Eleven years ago, the NHS Liverpool Clinical Commissioning Group announced the closure of one of Liverpool’s hospitals. They chose the Women’s. Campaigners were clear from the start: “Save the Liverpool Women’s Hospital. No closure. No privatisation. No cuts. No merger.” Reorganise the funding structures by all means, we said, but not the hospital. Our babies and mothers, our sick women, deserve the very best.
All of Liverpool’s maternity and women’s health provision sits on this one site. It’s a much-loved hospital, providing specialised care and the daily joy of new babies. The drive to close it comes from a clumsy funding structure, not the needs of women and babies – and wards at the new Liverpool Royal are no equivalent.
The latest Ockenden report, reviewing serious maternity cases across England, has put maternity funding, staffing and organisation back in the national spotlight. The danger is that the outrage gets normalised and blows over, unless a major campaign is built through women’s organisations, unions and community groups. Socialists helped build the NHS and we can help rebuild it too. Our campaign, and others, shows it can be done.
Liverpool Women’s Hospital is the largest maternity hospital in England, possibly Europe, and sits just a mile from the Royal Liverpool Hospital. The local integrated care board (ICB) calls it “isolated” – but it’s only isolated in being a separate legal entity. It’s a maternal medicine centre and tertiary hospital taking complex referrals, with a large new neo-natal unit serving babies from well beyond Liverpool. It also provides fertility treatment, genetics advice and a termination of pregnancy service. It’s loved because it’s a women’s place – about 7,000 babies are born here each year, alongside 52,000 gynaecology appointments.

It does lack some services. New build would cost £350-500m; necessary improvements to the Women’s would cost £6m a year – a far more cost-effective use of money. But like all UK maternity care, it’s chronically underfunded, understaffed, and under constant pressure to cut. Nor is it immune to the racism that damages maternity care, though the deaths of two African women did spark a major anti-racism drive. We’re not a fan club for the hospital – we’re trying to defend and improve it.

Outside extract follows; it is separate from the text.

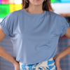 BLUSA ALGODON MANGAS CORTAS CON RESORTE CUELLO REDONDO, VERSATIL QUE PUEDES USAR CON FALDAS, SHORT , JEANS

Women have carried the bulk of the burden of austerity for over a decade and this is part of that pattern – a national service used by women, mostly staffed by women, run largely by men and a patriarchal neoliberal government with little respect for either. Staffing can meet guidelines and still be inadequate. Midwives and obstetricians have tried to make themselves heard nationally, with little success. England now has unemployed newly qualified midwives alongside existing staff run off their feet – and Liverpool Women’s Hospital isn’t immune to any of it.
Under national pressure to cut the number and cost of Liverpool’s hospitals, despite the city’s poor health, the ICB proposes moving the most complex cases to the Royal first, then the whole service. But there’s no room at the Royal. Its staff are amazing, but it’s already too small, with long winter crises, corridor care even in summer, boarding in and worse finances than the Women’s.

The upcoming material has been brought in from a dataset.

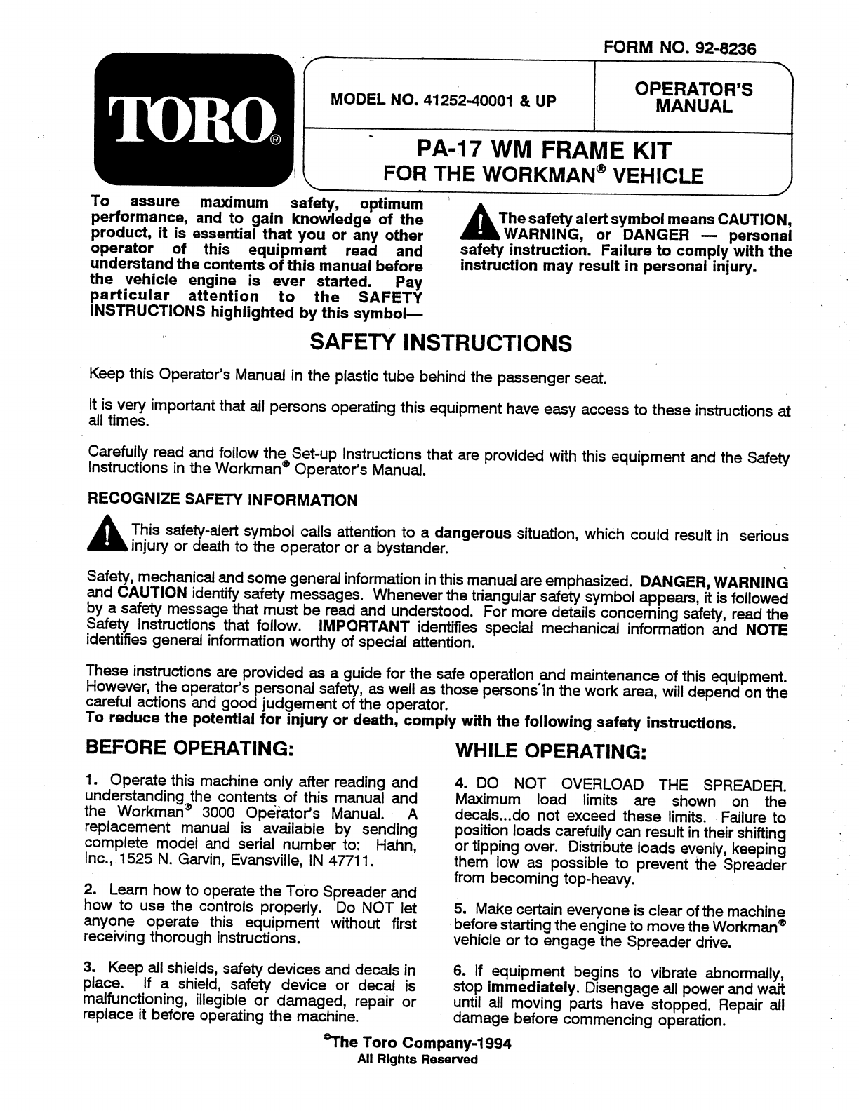 FORM NO. 92-8236 MODEL NO. 41252-40001 & UP OPERATOR'S MANUAL PA-17 WM FRAME KIT FOR THE WORKMAN® VEHICLE To assure maximum performance, and to gain knowledge of the product, it is essential that you or any other safety, optimum operator of this equipment read and understand the contents of this manual before the vehicle “engine sever “started.

The Save Liverpool Women’s Campaign now has 91,000 signatures (on paper and online), runs regular city-centre stalls and has held three large demonstrations. We work with local trade unions, support NHS workers’ picket lines and cooperate across the ICB area to defend the NHS. We attend ICB and trust board meetings, read every board paper and ask the hard questions. We’ve distributed thousands of leaflets, run a blog, put up banners and posters across the city and also published a 41-page rebuttal of the ICB’s Case for Change.
The NHS changed the lives of mothers and babies. We must fight to restore, repair and rebuild it – and its much-needed and valued maternity services.